Task objective: Please quote exactly the lines below from the line containing "今日つくし組はイチョウの葉を集めて、テラスで落ち葉あそびをしました🍂" to the line containing "class to teach", both lines included, and nothing else.

Material to process:
▼
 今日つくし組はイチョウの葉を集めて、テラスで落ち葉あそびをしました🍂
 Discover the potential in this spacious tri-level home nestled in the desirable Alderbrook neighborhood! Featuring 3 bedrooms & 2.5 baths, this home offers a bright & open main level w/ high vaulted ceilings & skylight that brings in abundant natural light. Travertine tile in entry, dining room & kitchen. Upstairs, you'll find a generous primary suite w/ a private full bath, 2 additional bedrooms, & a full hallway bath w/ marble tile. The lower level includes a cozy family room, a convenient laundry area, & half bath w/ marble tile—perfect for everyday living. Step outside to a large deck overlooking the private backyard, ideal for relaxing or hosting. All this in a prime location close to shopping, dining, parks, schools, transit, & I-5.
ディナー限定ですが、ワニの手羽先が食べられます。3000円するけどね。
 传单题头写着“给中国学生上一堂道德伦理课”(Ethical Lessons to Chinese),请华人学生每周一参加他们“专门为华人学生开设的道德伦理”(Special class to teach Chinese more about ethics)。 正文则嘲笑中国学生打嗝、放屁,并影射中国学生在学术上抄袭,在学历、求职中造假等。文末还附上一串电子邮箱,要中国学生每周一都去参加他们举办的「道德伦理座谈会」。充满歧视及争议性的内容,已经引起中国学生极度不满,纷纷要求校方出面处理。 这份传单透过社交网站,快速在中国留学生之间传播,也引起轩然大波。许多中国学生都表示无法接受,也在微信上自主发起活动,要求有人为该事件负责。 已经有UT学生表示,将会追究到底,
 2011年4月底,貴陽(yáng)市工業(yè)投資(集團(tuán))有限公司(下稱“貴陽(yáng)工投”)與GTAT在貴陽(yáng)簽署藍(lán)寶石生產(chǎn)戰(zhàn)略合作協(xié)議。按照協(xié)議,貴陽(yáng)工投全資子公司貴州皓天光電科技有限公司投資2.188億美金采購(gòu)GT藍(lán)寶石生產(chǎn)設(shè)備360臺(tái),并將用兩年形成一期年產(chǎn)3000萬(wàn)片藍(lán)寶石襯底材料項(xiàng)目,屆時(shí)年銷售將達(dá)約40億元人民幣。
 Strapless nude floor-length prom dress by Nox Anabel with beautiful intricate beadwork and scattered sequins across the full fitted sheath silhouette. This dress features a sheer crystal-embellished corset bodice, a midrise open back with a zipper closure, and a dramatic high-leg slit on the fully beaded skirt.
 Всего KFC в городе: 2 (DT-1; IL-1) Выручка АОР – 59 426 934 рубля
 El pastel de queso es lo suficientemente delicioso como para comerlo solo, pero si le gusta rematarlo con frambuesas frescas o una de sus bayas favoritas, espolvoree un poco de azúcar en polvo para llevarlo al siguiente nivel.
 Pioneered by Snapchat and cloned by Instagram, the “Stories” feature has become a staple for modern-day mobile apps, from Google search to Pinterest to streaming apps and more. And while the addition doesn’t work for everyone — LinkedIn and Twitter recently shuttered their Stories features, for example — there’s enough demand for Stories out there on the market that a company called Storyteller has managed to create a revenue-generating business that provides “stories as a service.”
▲
▼
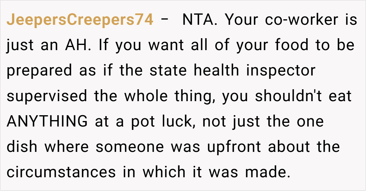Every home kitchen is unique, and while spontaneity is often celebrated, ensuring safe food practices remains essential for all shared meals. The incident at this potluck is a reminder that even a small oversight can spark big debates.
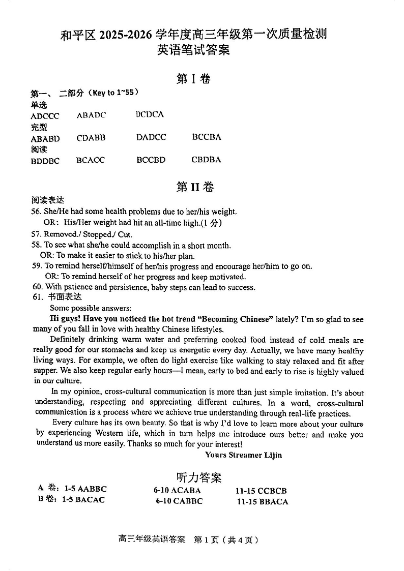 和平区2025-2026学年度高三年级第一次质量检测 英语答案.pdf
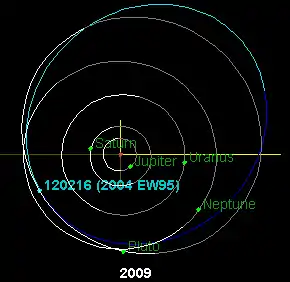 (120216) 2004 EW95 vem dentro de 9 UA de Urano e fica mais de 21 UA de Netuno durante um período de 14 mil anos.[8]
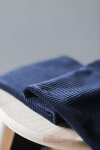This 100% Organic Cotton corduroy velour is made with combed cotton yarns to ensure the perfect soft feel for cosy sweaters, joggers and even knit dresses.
▲
Result of the task:
 今日つくし組はイチョウの葉を集めて、テラスで落ち葉あそびをしました🍂
 Discover the potential in this spacious tri-level home nestled in the desirable Alderbrook neighborhood! Featuring 3 bedrooms & 2.5 baths, this home offers a bright & open main level w/ high vaulted ceilings & skylight that brings in abundant natural light. Travertine tile in entry, dining room & kitchen. Upstairs, you'll find a generous primary suite w/ a private full bath, 2 additional bedrooms, & a full hallway bath w/ marble tile. The lower level includes a cozy family room, a convenient laundry area, & half bath w/ marble tile—perfect for everyday living. Step outside to a large deck overlooking the private backyard, ideal for relaxing or hosting. All this in a prime location close to shopping, dining, parks, schools, transit, & I-5.
ディナー限定ですが、ワニの手羽先が食べられます。3000円するけどね。
 传单题头写着“给中国学生上一堂道德伦理课”(Ethical Lessons to Chinese),请华人学生每周一参加他们“专门为华人学生开设的道德伦理”(Special class to teach Chinese more about ethics)。 正文则嘲笑中国学生打嗝、放屁,并影射中国学生在学术上抄袭,在学历、求职中造假等。文末还附上一串电子邮箱,要中国学生每周一都去参加他们举办的「道德伦理座谈会」。充满歧视及争议性的内容,已经引起中国学生极度不满,纷纷要求校方出面处理。 这份传单透过社交网站,快速在中国留学生之间传播,也引起轩然大波。许多中国学生都表示无法接受,也在微信上自主发起活动,要求有人为该事件负责。 已经有UT学生表示,将会追究到底,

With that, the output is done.